When you return the data, keep every line exactly as it is and leave out the pictures.

*** Opening Data below ***

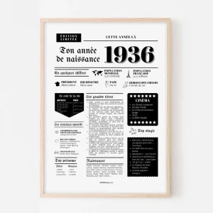 Affiche année de naissance 1936 – Cadeau anniversaire 89 ans
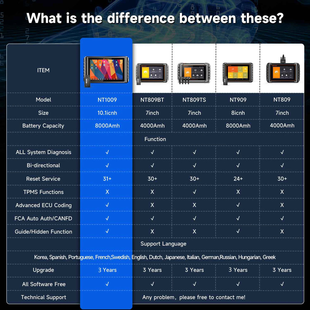 2. NT1009 added ADBLUE, FRM RESET, CHANGE TIRE SIZE, ACLEARN, NOXSENSOR RESET.
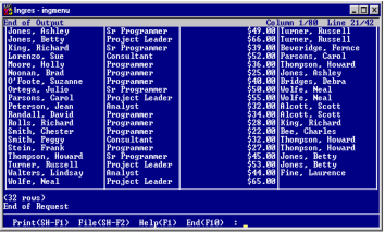 The rest of the output window contains the data and messages returned by the request. You can scroll the rows of output up and down or left and right in the output window, using your mouse or the keys mapped to the scrolling functions. To go directly to the end of the output, use the key mapped to the Bottom FRS key operation; to go to the top of the output, use the key mapped to the Top FRS key operation.
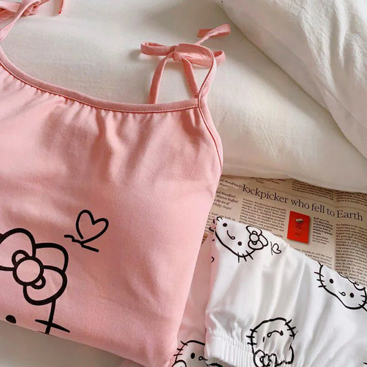 Hello Kitty Tank Nightgown Women Trunks 2pcs Pajama Set Kawaii Girl Summer with Bra Pads Comforts Loungewear Clothing Gift clothes

*** Closing Data below ***

Output:
 Affiche année de naissance 1936 – Cadeau anniversaire 89 ans
 2. NT1009 added ADBLUE, FRM RESET, CHANGE TIRE SIZE, ACLEARN, NOXSENSOR RESET.
 The rest of the output window contains the data and messages returned by the request. You can scroll the rows of output up and down or left and right in the output window, using your mouse or the keys mapped to the scrolling functions. To go directly to the end of the output, use the key mapped to the Bottom FRS key operation; to go to the top of the output, use the key mapped to the Top FRS key operation.
 Hello Kitty Tank Nightgown Women Trunks 2pcs Pajama Set Kawaii Girl Summer with Bra Pads Comforts Loungewear Clothing Gift clothes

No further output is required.